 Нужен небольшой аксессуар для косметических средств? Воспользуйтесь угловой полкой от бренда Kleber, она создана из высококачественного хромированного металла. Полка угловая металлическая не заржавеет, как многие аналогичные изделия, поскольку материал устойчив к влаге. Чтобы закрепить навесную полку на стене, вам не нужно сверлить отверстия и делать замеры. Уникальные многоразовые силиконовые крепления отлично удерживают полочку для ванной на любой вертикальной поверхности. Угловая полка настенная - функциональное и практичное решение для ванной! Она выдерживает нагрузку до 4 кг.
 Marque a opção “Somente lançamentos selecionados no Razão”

========

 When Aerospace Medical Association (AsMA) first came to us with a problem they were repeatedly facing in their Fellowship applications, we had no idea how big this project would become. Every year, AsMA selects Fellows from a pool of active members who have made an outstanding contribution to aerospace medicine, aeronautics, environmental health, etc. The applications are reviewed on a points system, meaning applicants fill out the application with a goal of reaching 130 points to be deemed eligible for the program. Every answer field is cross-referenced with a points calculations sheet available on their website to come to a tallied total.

========

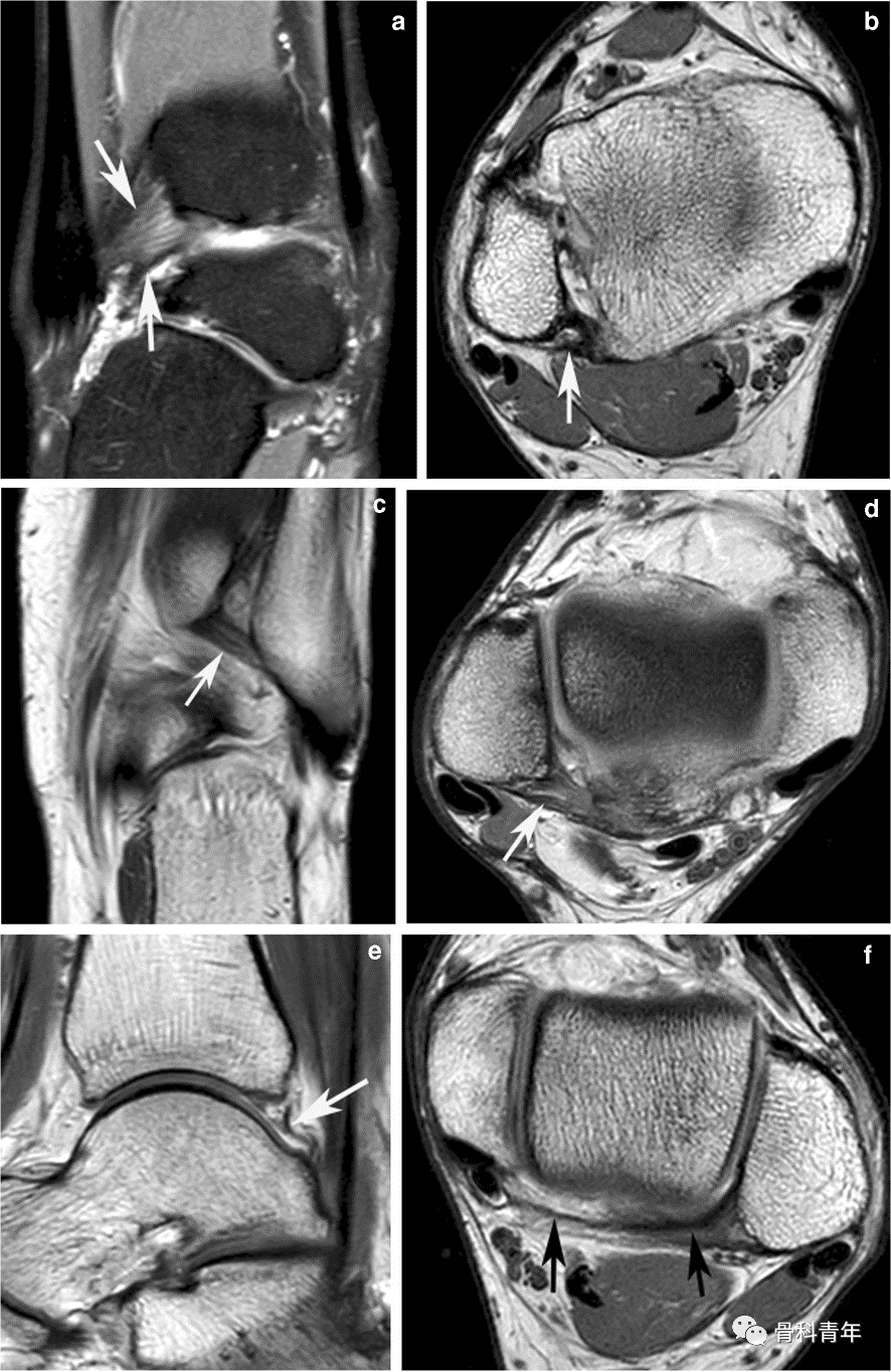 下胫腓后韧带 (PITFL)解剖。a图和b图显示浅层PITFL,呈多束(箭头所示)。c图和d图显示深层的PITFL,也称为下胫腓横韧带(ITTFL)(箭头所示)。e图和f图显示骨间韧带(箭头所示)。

========

## Exercise requirements:
Would you print, exactly as written, every line above from the one holding "Нужен небольшой аксессуар" through the one holding "Marque a opção", with both included and no other lines?

## Written answer:
 Нужен небольшой аксессуар для косметических средств? Воспользуйтесь угловой полкой от бренда Kleber, она создана из высококачественного хромированного металла. Полка угловая металлическая не заржавеет, как многие аналогичные изделия, поскольку материал устойчив к влаге. Чтобы закрепить навесную полку на стене, вам не нужно сверлить отверстия и делать замеры. Уникальные многоразовые силиконовые крепления отлично удерживают полочку для ванной на любой вертикальной поверхности. Угловая полка настенная - функциональное и практичное решение для ванной! Она выдерживает нагрузку до 4 кг.
 Marque a opção “Somente lançamentos selecionados no Razão”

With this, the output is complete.